## What you will do
All of the data that follows is to be printed exactly, without pictures.
Given material START
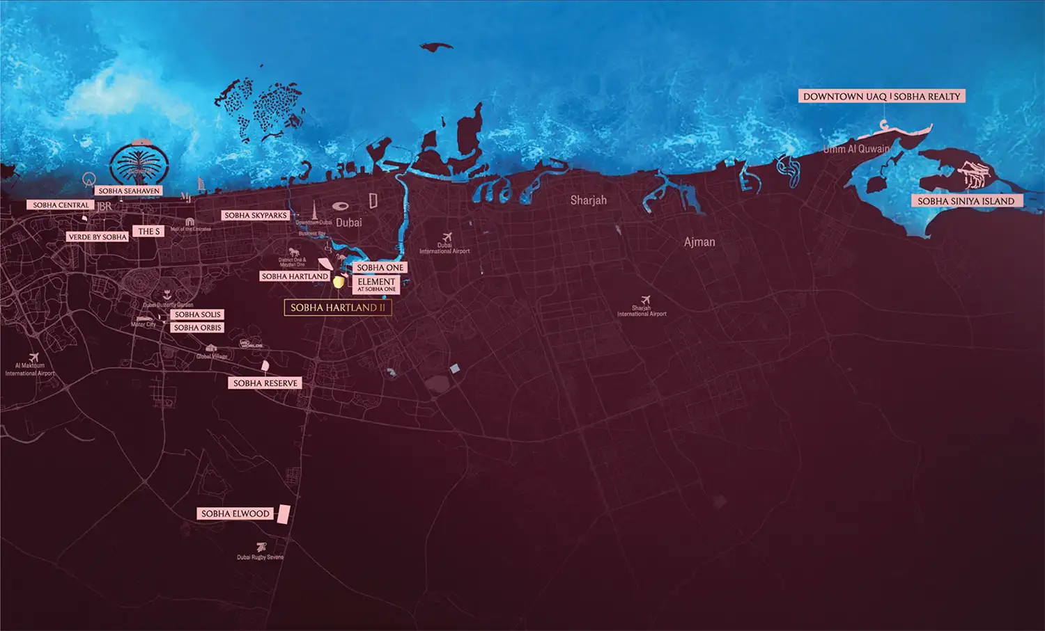 Skyvue Altier by Sobha Realty is situated within the premium community named Sobha Hartland 2 which is located in the heart of Dubai. The community has easy access through major roadways such as Dubai-Al Ain Road and Ras Al Khor Road to the key destinations and iconic landmarks of Dubai. Residents can enjoy travel to famous areas of Dubai such as Downtown Dubai, Burj Khalifa, The Dubai Mall, Business Bay, Dubai Opera, Meydan Racecourse and Palm Jumeirah within few minutes from this community. One of the international airports is near to this area, which allows residents to reach any city across the globe.
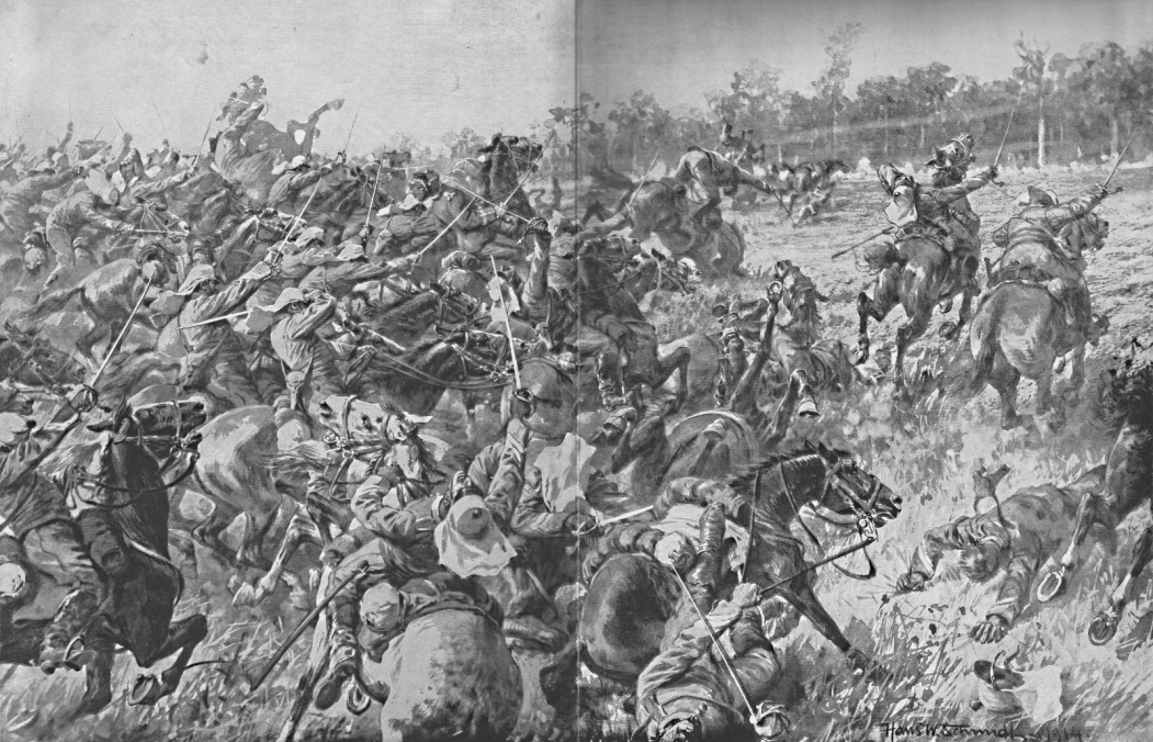 Kaum waren die Anordnungen getroffen, da dröhnte der Boden von den Pferdehufen, die Waffen der Reiter klirrten und ihr Schreien gellte. Aber die Schwadronen ritten nicht in derselben aufgeschlossenen Formation, wie die Deutschen eine Attacke reiten. Ihre Verbände begannen sich zu lösen und wurden getrennt, noch ehe sie auf 800 Meter an die deutsche Linie herangekommen waren. Aber immer noch wurde das deutsche Feuer nicht eröffnet. Ruhig lagen die Landwehrmänner hinter ihren Gewehren.
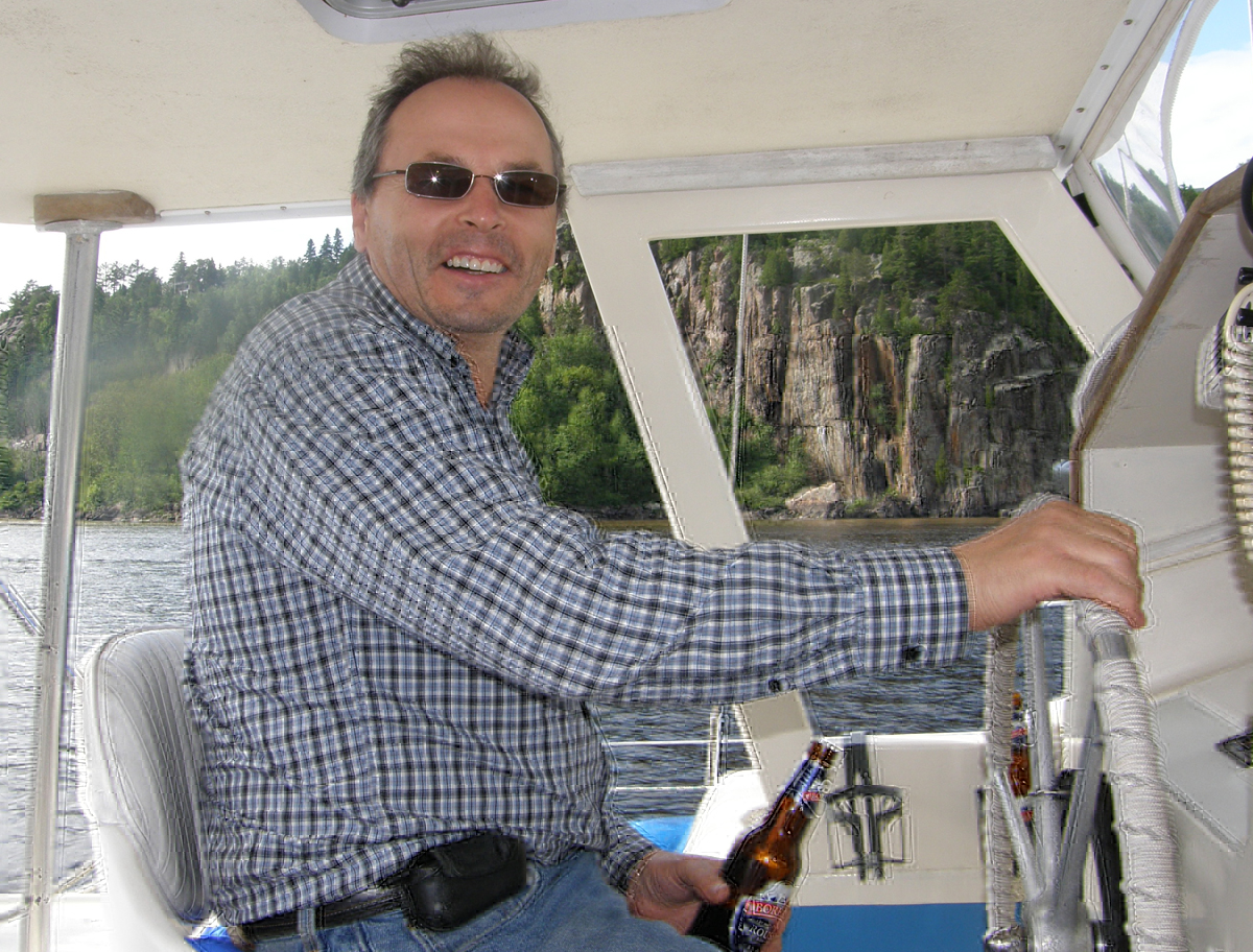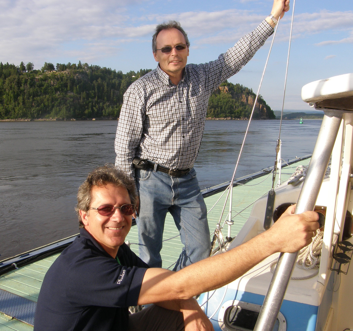 | Les derniers à venir se promener sur l'eau furent Pierre, le beau-frère de Marc et sa conjointe Marlène. The last ones to come sailing with us were Pierre, Marc's brother-in-law, and his wife Marlène. | |
Given material END
## Result below
 Skyvue Altier by Sobha Realty is situated within the premium community named Sobha Hartland 2 which is located in the heart of Dubai. The community has easy access through major roadways such as Dubai-Al Ain Road and Ras Al Khor Road to the key destinations and iconic landmarks of Dubai. Residents can enjoy travel to famous areas of Dubai such as Downtown Dubai, Burj Khalifa, The Dubai Mall, Business Bay, Dubai Opera, Meydan Racecourse and Palm Jumeirah within few minutes from this community. One of the international airports is near to this area, which allows residents to reach any city across the globe.
 Kaum waren die Anordnungen getroffen, da dröhnte der Boden von den Pferdehufen, die Waffen der Reiter klirrten und ihr Schreien gellte. Aber die Schwadronen ritten nicht in derselben aufgeschlossenen Formation, wie die Deutschen eine Attacke reiten. Ihre Verbände begannen sich zu lösen und wurden getrennt, noch ehe sie auf 800 Meter an die deutsche Linie herangekommen waren. Aber immer noch wurde das deutsche Feuer nicht eröffnet. Ruhig lagen die Landwehrmänner hinter ihren Gewehren.
 | Les derniers à venir se promener sur l'eau furent Pierre, le beau-frère de Marc et sa conjointe Marlène. The last ones to come sailing with us were Pierre, Marc's brother-in-law, and his wife Marlène. | |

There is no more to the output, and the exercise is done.